Crown Tundra is the best comparison for scale, and it breathed new life into the fairly stale Sword/Shield games. Not only did they include several hours of story content, add a massive open-world map (in comparison to the original Wild Area at least), they added a new way to do Raid battles, with great rewards for participating. I played Sword for a frankly ridiculous amount of time, and it was almost all spent on Dynamax Adventure.

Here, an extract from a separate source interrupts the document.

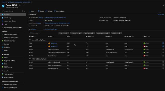 If I check my Azure subscription, I can now see my NSG with the rules I have in my template.
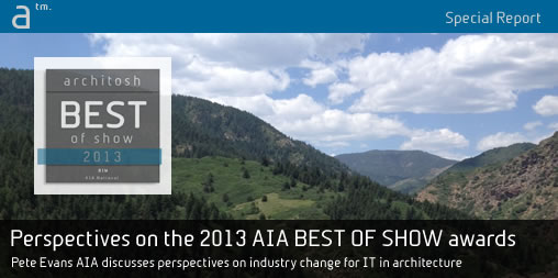 With continued focus on IPD and Integrated Practice reflecting formal process shifts, there are larger changes and additional relationships that the practice of architecture is shaping and being shaped by especially with the tools themselves. The Architosh 2013 AIA National BEST OF SHOW awards exemplify not only innovative tools and solutions, but clear recognition for platform openness from desktop to mobile–enabling a diverse ecosystem for building environments in the 21st century. This openness supports collaborations not possible before in this technology immersed profession and opens doors even beyond the social and cultural implications of architecture to even reposition the profession moving forward.

By comparison, Indigo Disk is pretty bland. Don't get me wrong, there's still a massive new open-world area with 4 new gym challenges, as well as an even bigger legendary Pokemon hunt than the one you did in Crown Tundra (ignoring Dynamax Adventure) added to the Paldea map, but that's... really it. The only new activity that's worth anything after completing the story mode is doing the Blueberry Quests (BBQs) which are essentially an eternal cycle of daily missions that you're gonna want to do with your friends for a few days before you run out of new rewards to unlock and then it sets in just how simple, repetitive, and tedious they are, and then that loses its charm.

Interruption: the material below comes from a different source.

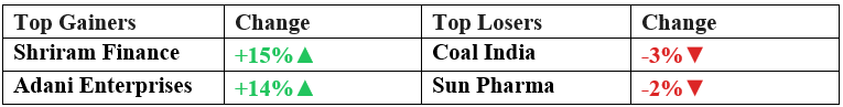 - Adani Enterprises: Gained 13.8% after a US court dismissed a pending SEC case, clearing a major regulatory hurdle.
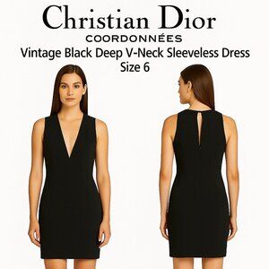 Christian Dior Coordonnées Vintage Black Deep V-Neck Sleeveless Dress – Size 6

Tera Raids not getting some equivalent of Dynamax Adventure is both a blessing and a curse. A blessing in that the core gameplay is still incredibly busted, possibly never to be fully fixed, and we didn't need an even longer unpolished mess. But also a curse in that Dynamax Adventure was literally the most fun thing to do in Sword/Shield. And back before Shinies were easier to obtain in common encounters, the rewards for completion INCLUDING shiny Pokemon was wild.
All around Blueberry Academy I see wasted potential.
The Synchronize feature is fun for a few minutes, but there's nothing special to find by playing that way. It's just Auto Battle with more control, except it's actually possible to knockout a shiny Pokemon while doing it.
The massive map is populated by only a handful of Pokemon per area. Despite there being 240 Pokedex entries, the amount of Pokemon available to catch in each individual biome quickly feels repetitive. For instance, the Polar biome has Seel, Solosis, Lapras, Vulpix, and Milcery. Wherever you go in the Polar Biome, that's what you'll find. Even when you climb the one and only mountain in the biome where Steel-types like Duraludon and Metang hang out, you're gonna find those Pokemon there. Go to a lake, you'll likely find some Qwilfish. Once you have enough BP, you can get most of the fire-type Starter pokemon to spawn there as well, but that is really and truly the extent of it. It's a large space for such a small yield. Kitakami was a smaller map with fewer new Pokemon and it feels more biodiverse.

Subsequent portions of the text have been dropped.